Mammogram – what is BI-RADS and what does it mean to me?

BI-RADS stands for the Breast Imaging-Reporting and Data System. Along with breast density, it is the only other mandated requirement to appear in your breast report. Your BI-RADS score determines your next course of action. Structured data reporting and collection began with mammography. Just as Apple has the iEverything, the American College of Radiology (ACR) as the I-RADS system. Now, there is liver (LI-RADS), thyroid (TI-RADS), and prostate (PI-RADS), just to name a few, with the goal being to help improve research.

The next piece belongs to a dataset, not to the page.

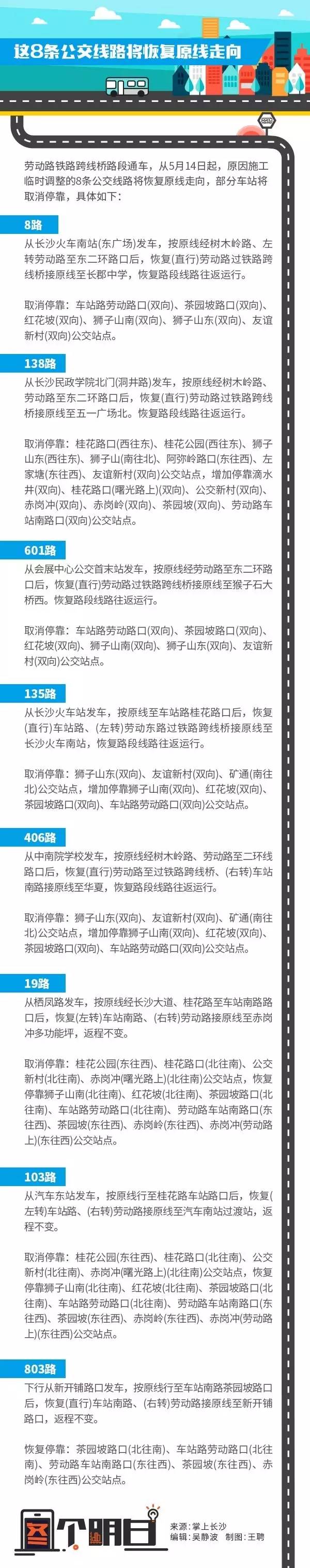 长沙晚报讯(记者 吴鑫矾 通讯员 王琦)昨日,记者从长沙市道路运输管理处获悉,随着劳动路铁路跨线桥路段通车,从5月14日起,原因施工临时调整的8条公交线路将恢复原线走向,部分车站将取消停靠,有出行需求的市民请留意。

The ACR is on its 5th edition to the BI-RADS atlas. The atlas provides a lexicon and standardized nomenclature to facilitate communication between radiologists, as well as breast surgeons and oncologists/cancer doctors. This means everyone should be using the same words to describe particular features of the breasts and possible lesions. For example, a mass by definition has convex margins (umbrella upright) and is seen on two views. A focal asymmetry has concave margins (umbrella upside down) and is also seen on two views. An asymmetric density is seen only on a single view. Of course there are dedicated words to describe just about anything you can visualize in breast imaging.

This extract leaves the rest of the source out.